*DESCRIPTION OF THE TASK*.
The reply should contain the full listing exactly as written and no pictures at all.

*SOURCE MATERIAL*.
● ● ●

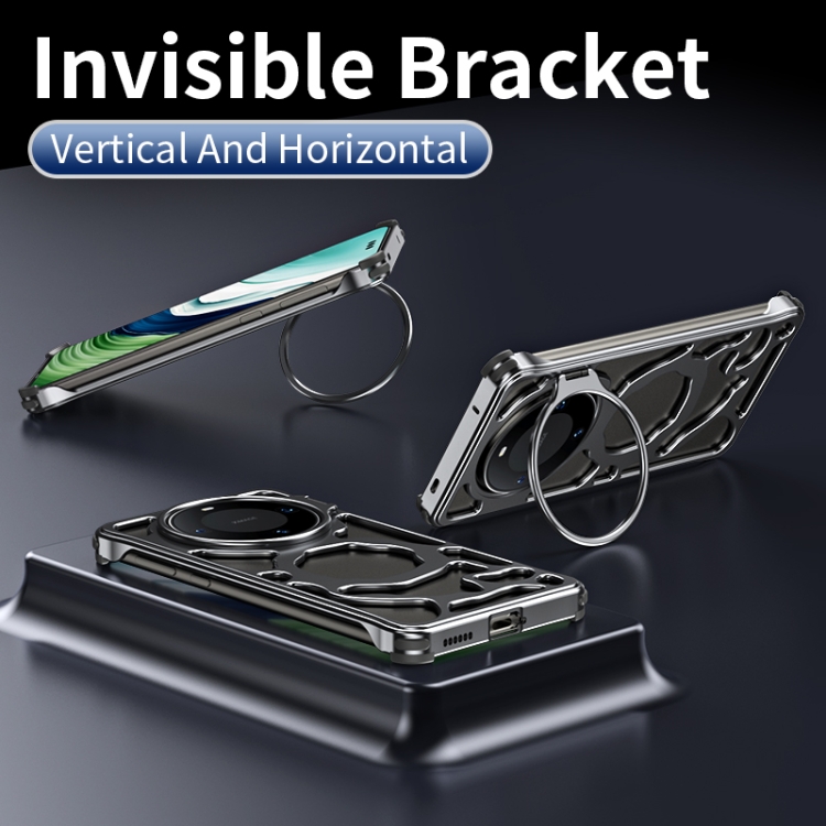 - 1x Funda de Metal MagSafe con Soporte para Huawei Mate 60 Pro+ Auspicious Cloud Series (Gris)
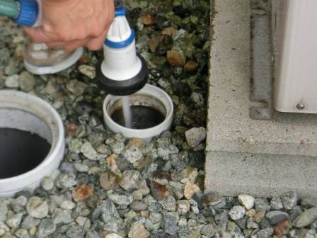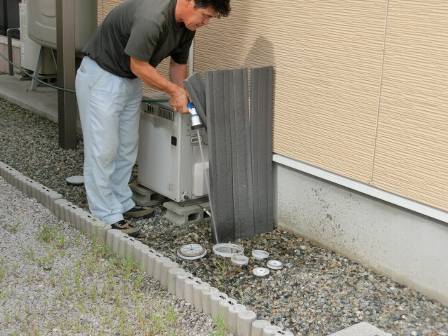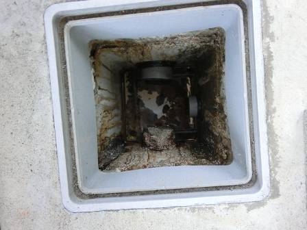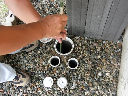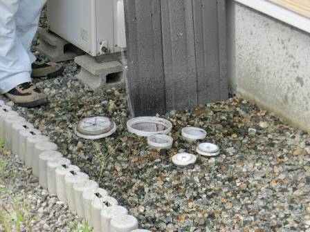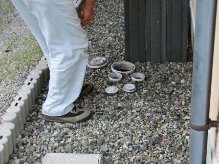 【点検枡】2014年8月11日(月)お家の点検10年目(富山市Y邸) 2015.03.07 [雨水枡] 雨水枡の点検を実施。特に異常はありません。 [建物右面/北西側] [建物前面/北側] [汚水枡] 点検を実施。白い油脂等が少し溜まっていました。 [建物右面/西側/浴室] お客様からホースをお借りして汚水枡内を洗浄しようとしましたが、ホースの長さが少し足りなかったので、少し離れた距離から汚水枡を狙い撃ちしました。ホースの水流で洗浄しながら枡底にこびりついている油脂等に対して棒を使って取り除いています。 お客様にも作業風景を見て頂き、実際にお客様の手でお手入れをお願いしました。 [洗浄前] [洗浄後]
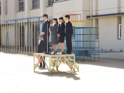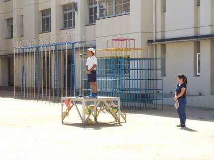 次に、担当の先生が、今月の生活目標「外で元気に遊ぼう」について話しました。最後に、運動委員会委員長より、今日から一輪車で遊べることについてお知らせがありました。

● ● ●

*RESULT FOR THIS EXERCISE*.
 - 1x Funda de Metal MagSafe con Soporte para Huawei Mate 60 Pro+ Auspicious Cloud Series (Gris)
 【点検枡】2014年8月11日(月)お家の点検10年目(富山市Y邸) 2015.03.07 [雨水枡] 雨水枡の点検を実施。特に異常はありません。 [建物右面/北西側] [建物前面/北側] [汚水枡] 点検を実施。白い油脂等が少し溜まっていました。 [建物右面/西側/浴室] お客様からホースをお借りして汚水枡内を洗浄しようとしましたが、ホースの長さが少し足りなかったので、少し離れた距離から汚水枡を狙い撃ちしました。ホースの水流で洗浄しながら枡底にこびりついている油脂等に対して棒を使って取り除いています。 お客様にも作業風景を見て頂き、実際にお客様の手でお手入れをお願いしました。 [洗浄前] [洗浄後]
 次に、担当の先生が、今月の生活目標「外で元気に遊ぼう」について話しました。最後に、運動委員会委員長より、今日から一輪車で遊べることについてお知らせがありました。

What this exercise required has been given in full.